Vectorization

scanner · Post by **scanner** » 28 Oct 2010, 06:08

hello

would vectorization of scanned/photographed text, improve OCR results?

Tulon · Post by **Tulon** » 28 Oct 2010, 10:22

It wouldn't. OCR engines work with raster images only, so you would be vectorizing your text first and then rasterizing it again.

spamsickle · Post by **spamsickle** » 28 Oct 2010, 13:05

You can vectorize your PDF at the same time you OCR it with Adobe Acrobat 9's "Clearscan" option. I never really cared much about OCR, but I've started doing it just because it's included in the vectorization AA9 performs. The big advantage, for me, is that the vectorized PDF typically takes up 1/10th of the space on my hard drive that the raster PDF took.

Shaknum · Post by **Shaknum** » 30 Oct 2010, 11:34

I'd have to agree for the most part with the assessments above. Remember though that vectorizing an image significantly smooths out the characters. So it's possible that vectorizing and then converting back to a 1-bit bitonal image might help some small degree. I don't see a difference, here is the data:

Raster Image:

Test-Raster.tif: (346.25 KiB) Downloaded 123 times

OCR Output:

Test - OCR - Raster.rtf: (5.1 KiB) Downloaded 648 times

The Vectorized image is too big for the site, here is the OCR output:

Test - OCR - Vector.rtf: (5.1 KiB) Downloaded 788 times

The Vectorized Bi-Tonal:

Test-Vector-BiTonal.tif: (336.53 KiB) Downloaded 123 times

The Vectorized Bi-Tonal OCR:

Test - OCR - Vector-BiTonal.rtf: (5.22 KiB) Downloaded 744 times

Shaknum · Post by **Shaknum** » 30 Oct 2010, 11:36

Also, I have to second the vote for clearscan. It makes the text really clean and saves a lot of space. It would be great if you could correct OCR errors however, which does not seem to be possible with the clearscan option (no training possible either).
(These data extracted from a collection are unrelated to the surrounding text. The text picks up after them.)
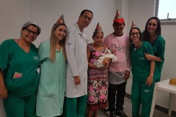 Como parte do trabalho de humanização realizado na instituição, a família teve uma confraternização de despedida com a equipe e tapete vermelho para a saída da unidade.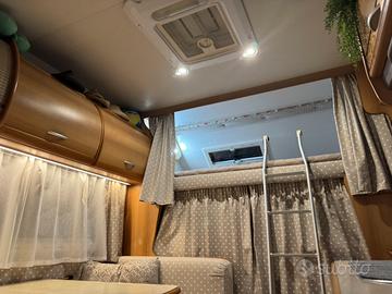 Vendo camper del 1999, in ottimo stato, per cambio tipologia. Motorizzato Mercedes Sprinter 5 cilindri in linea, 3000cc., 130.000 km, meccanica perfetta, tutto tagliandato (ultimo tagliando anche cambio olio del cambio e differenziale). Stufa Truma 6000, 3 serbatoi acque chiare (280 lt.), pannello solare, inverter, illuminazione interna totalmente a led, frigo grande, tappezzeria nuova completamente sfoderabile, boiler 10 lt., batteria 100 w per servizi, materasso nuovo in mansarda e ulteriore materasso da aggiungere al letto alla francese in coda.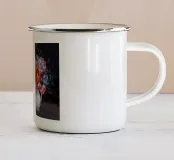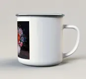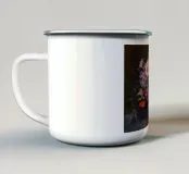 Una brocca bianca contiene un abbondante e traboccante bouquet di fiori in un tripudio di colori rosa, viola, rossi e gialli, dipinti in uno stile ricco, scuro e lunatico che sembra al tempo stesso classico ed espressivo.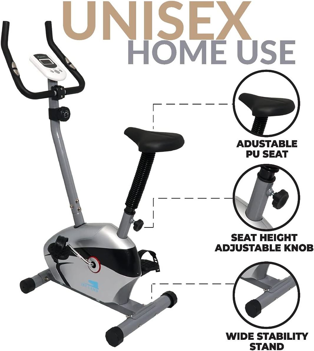 Stay fit at home with this compact exercise bike designed for all fitness levels. Enjoy 8 resistance levels, silent pedaling, and real-time tracking via LCD monitor. Ergonomic seat, non-slip pedals, and pulse sensors ensure a safe and comfortable workout.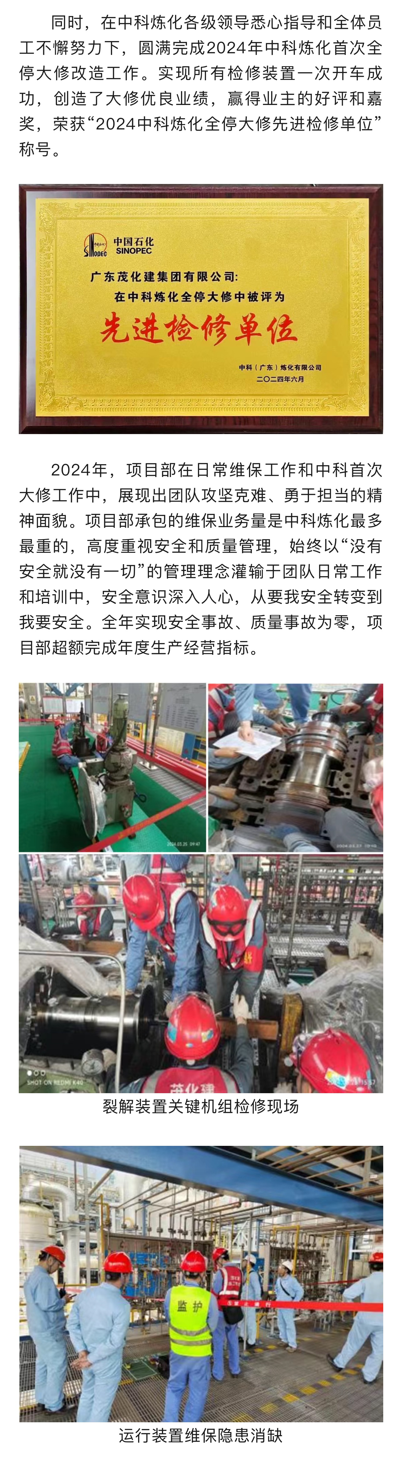 喜報(bào)|榮獲2024年中科煉化 “業(yè)務(wù)外包星級(jí)承包商”稱號(hào)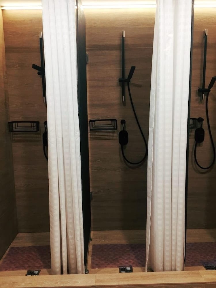男性更衣室にはシャワーが3つ、トイレが2つ、洗面台が2つありました。ドライヤーが付いてましたが、1分くらいで自然に止まり、しばらく経たないと使えませんでした。また、22時以降だとシャワーのお湯が出ませんでした。シャンプーやボディーソープ等は置いてません。
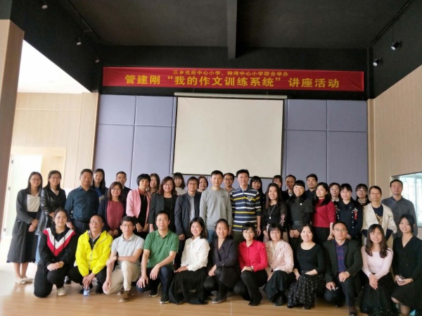 接着,光后中心小学语文科组长刘映伦老师对光后小学写作教学研究成果进行了展示,如智慧屋工作室、作文派工作室等写作研究进展。神湾中心小学语文科组长黄绍平老师针对后进生的辅导、单元习作与专题习作的有机整合等问题向管老师提出了目前老师们的困惑,引起了大家的思考。管建刚老师以幽默风趣的语言,深入浅出地为大家答疑解惑。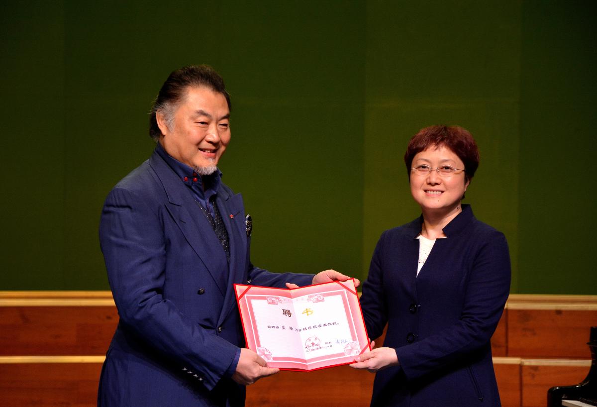 聘任仪式上,赵继红院长亲自为栾峰先生颁发我校客座教授聘书。副院长黄怡俐代表学校致辞,她对栾峰教授对我校声乐教学的关注以及8天大师班的成功举办表示诚挚的感谢和祝贺,又对音乐舞蹈学院近年来专业教学改革和教师继续培训方面给予充分的肯定。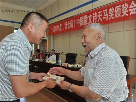 当日,2013年度(第七届)中国散文诗天马奖颁奖会暨散文诗创作座谈会于在伊宁市伊犁师范学院举行。三色堇的《悸动》、亚男的《黄河》、卢静的《大河的宴席》、周根红的《故乡:一种衰老的情绪》及李俊功的《内心的火焰》5位诗人作品获奖。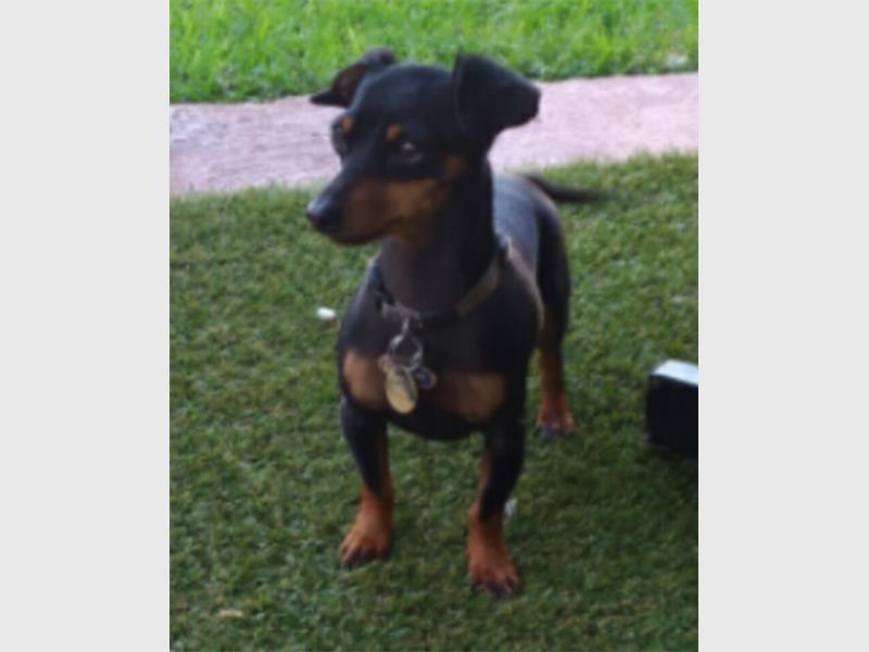 A little female miniature pincher went missing in the late afternoon on November 14 at North Road, Regent Park, close to the Sasol petrol station and the Society for the Blind.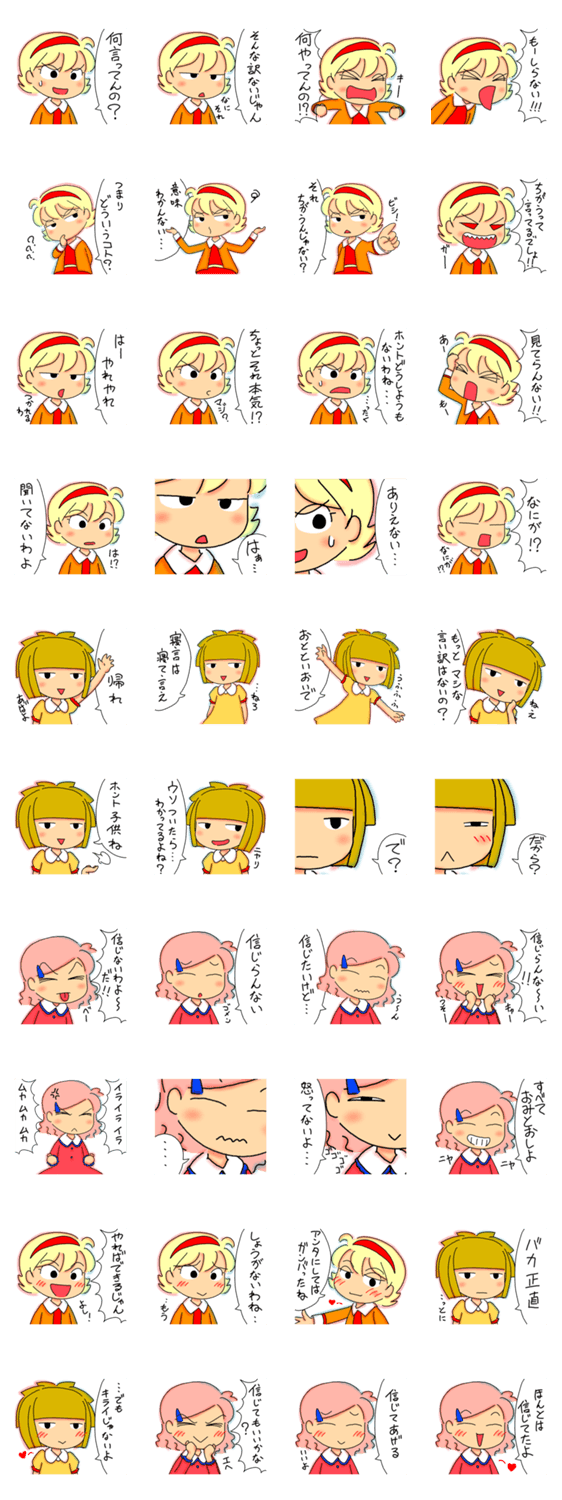 三姉妹の物語。「ちょっともう見てらんない、何やってんの!?イライラしちゃう!」…と、そんなあなたにこのスタンプ。後半にフォロー用のスタンプも付けたよ。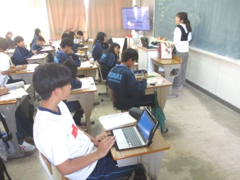 22日(火)オープンスクール2日目、2年生5組の1時間目は、社会の授業でした。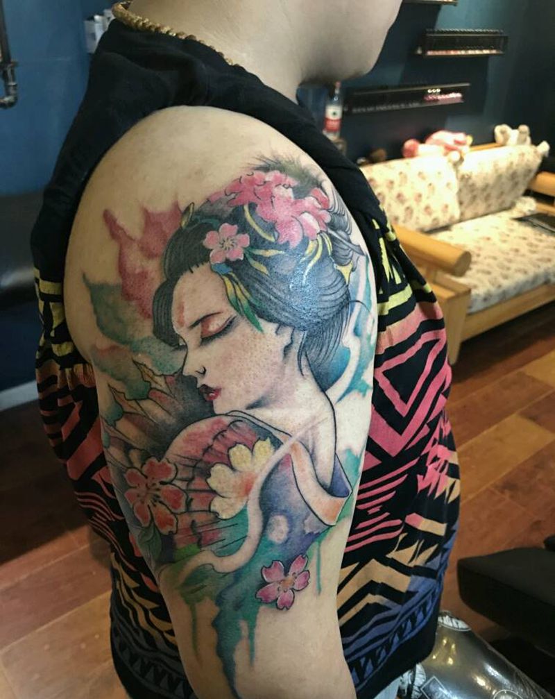 当前位置: 首页 >山东省德州市纹身店-一帆纹身工作室纹身图案>超大个儿的艺妓(= ̄ ρ ̄=)纹身图片
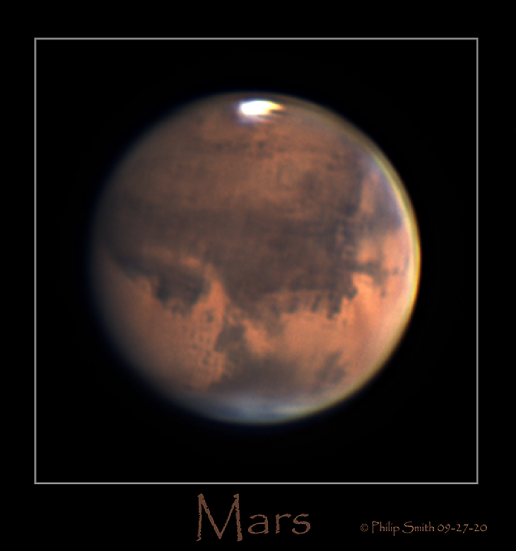 I imaged Mars on 9-27-20 from my backyard in Manorville NY, USA from my observatory. See was above average but I had to image threw a thin layer of clouds. Setup was Zwo ASI224MC "COLOR" camera in a ZWO ADC, "Atmospheric Dispersion Corrector", it reduces prismatic smearing during planetary imaging, resulting in images with finer details and with Baader IR/UV cut Filter and a 2X barlow on an Edge HD14". I have a lot to learn on how to process planetary images. I just want to get good data files now and I can always go back and reprocess my files as I get better processing and learn how to use all the processing software to get more detail. GOOD Seeing and GOOD Collimation is a GOOD Start 🙂 Kind Regards To ALL.
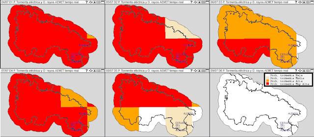 .. es decir, que esperamos un semana con temperaturas altas propias de la epoca y si hay mayor posibilidad de precipitación va a ser por una la presencia de una vaguada de aire frío en altura que va a inestabilizar bastante el ambiente con aparición de TORMENTAS prácticamente todos los días de la semana, además localmente pueden ser intensas y venir acompañadas de granizo.Fijaos en la probabilidad de tormentas…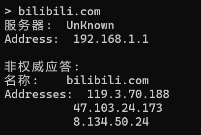 在提示符>后直接输入域名,可查到该域名的A记录(也可以用set type=a指令设置)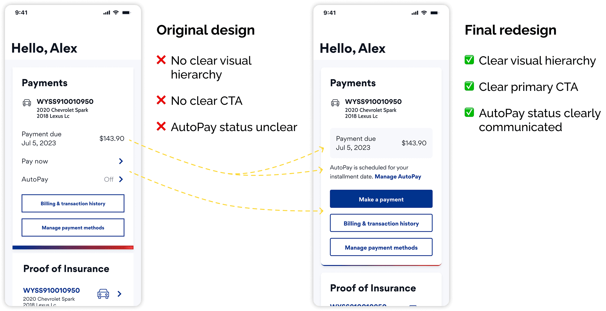 The final design introduced a clear AutoPay status message and improved information hierarchy and readability while not discouraged users from making a payment.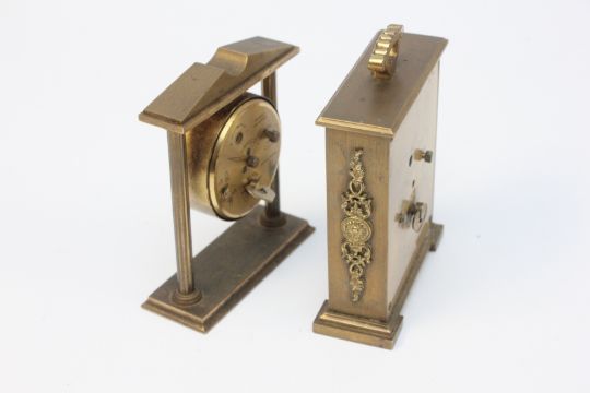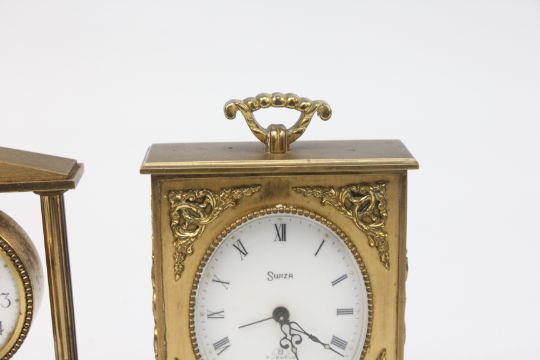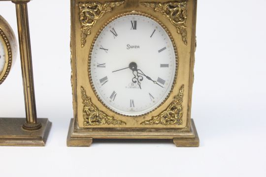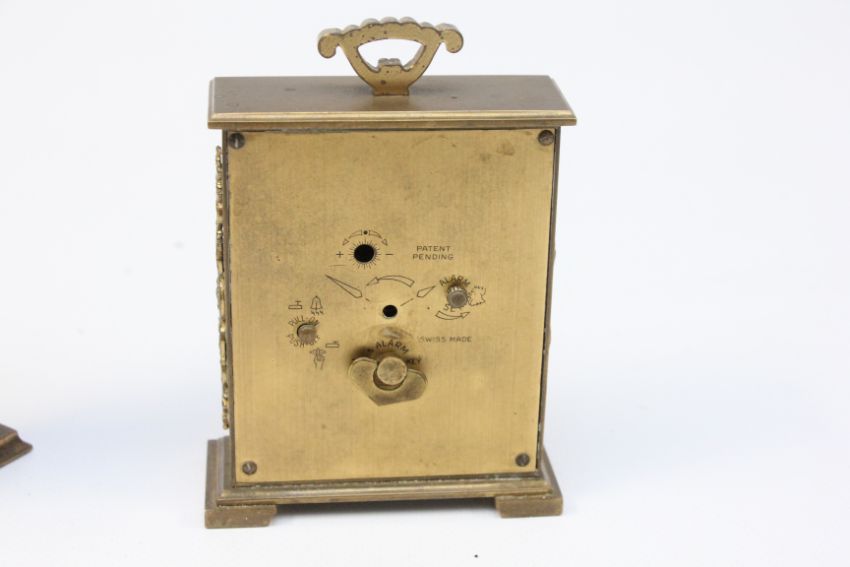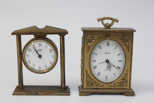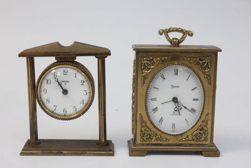 A VINTAGE "SWIZA" SWISS 7 JEWEL 8 DAY ALARM CLOCK + A FURTHER "SWIZA" EXAMPLE.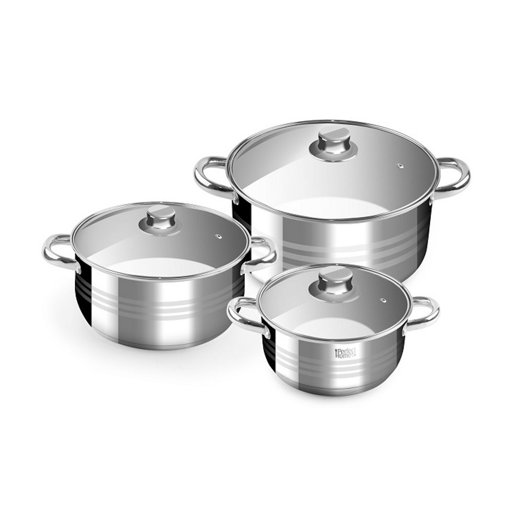 Perfect Home Sada riadu / hrncov z nehrdzavejúcej ocele so sklenenou pokrievkou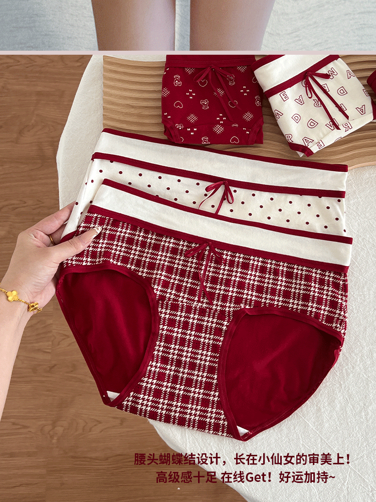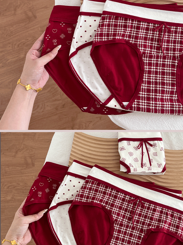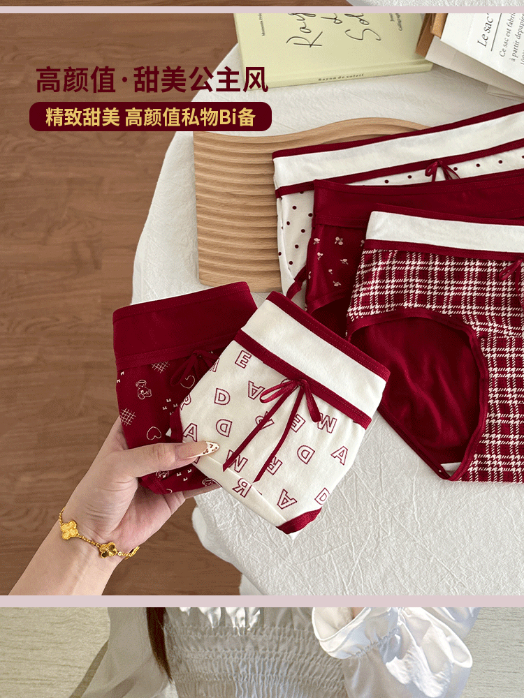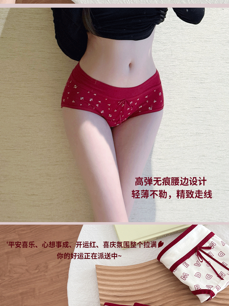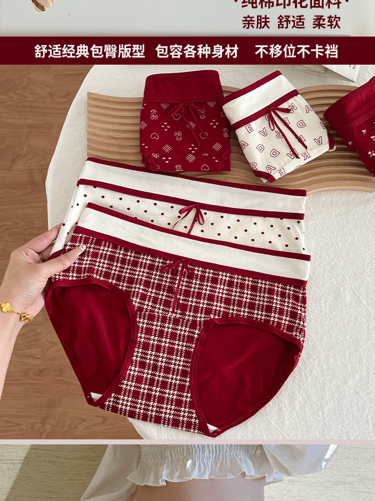 【新年当穿红】蝶安芬红色三角内裤3条装FC3928 新婚内裤 软糯柔软95%棉面料10A级抑jun舒爽透气 包臀版型 不移位不卡档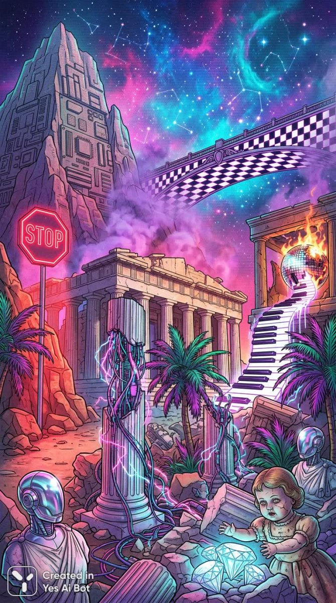 В сюрреалистичном изображении древние руины храма неожиданно сочетаются с современными технологиями: мраморные колонны переплетаются с электрическими проводами, создавая атмосферу разрушенной цивилизации, переосмысленной в цифровой эпохе. Яркие пальмы растут среди обломков статуй с хромированными головами, символизируя жизнь вопреки упадку. Стоп-знак подсвечивает основание горы, вырезанной из компьютера, подчеркивая столкновение реальности и виртуальности. Фиолетовый дым поднимается к шахматной мостике, ведущему в искрящийся небосвод вселенной, а потоки клавиш пианино перетекают над пылающими диско-шарами, создавая визуальную симфонию. Куклы с жадными конечностями тянутся к алмазным скульптурам, отражая стремление к недостижимому совершенству. Картина выполнена в стиле варпвейв и представляет собой цифровую живопись, сотканную из ярких цветов и неожиданных образов, погружающую зрителя в мир грез и технологической магии, где прошлое и будущее сливаются воедино, вызывая ностальгию по несуществующему будущему. Изображение создано нейросетью Nano Banana v.2.0 в стилях кибернетики, футуризма и ретрокиберпанка.

StevePoling · Post by **StevePoling** » 06 Nov 2010, 15:15

OCR is a pattern recognition problem. As such, it works in two parts: feature extraction and pattern classification. These two parts are tuned to work with one another. Feature extraction takes the raster and transforms it into a more compact representation. This more compact representation (hopefully) enhances the meaningful parts of the raster and suppresses the unmeaningful parts, making the pattern classification job easier. The problem with vectorization is that it can fight with feature extraction. In a sense, vectorization is another form of feature extraction, but it is set up for another purpose.

I believe vectorization can be useful in a different context, however. The Kindle's TOPAZ format is a vectorization of scanned imagery. If your reason for doing book scanning is to read on your Kindle, then all you have to do is take your vectorization and convert it to the TOPAZ format. Good luck doing that since the format is Amazon proprietary. You'll need a fair bit of reverse-engineering smarts.

Does anybody know whether PDF handles vector formats like, say SVG?

dingodog · Post by **dingodog** » 06 Nov 2010, 16:39

PDF is a mere container for files

svg can be stored

with

*uniconvertor* (needs python)
- http://sk1project.org/modules.php?name= ... iconvertor

or *Prince xml* (free for personal use)
- http://princexml.com/

svg can be converted in pdf

dingodog · Post by **dingodog** » 07 Nov 2010, 12:50

for Black and white scans of books,

*potrace*
- http://potrace.sourceforge.net/

is the best

it can vectorize and produce directly pdfs, using -b pdf backend

Code: Select all

potrace 1.8. Transforms bitmaps into vector graphics.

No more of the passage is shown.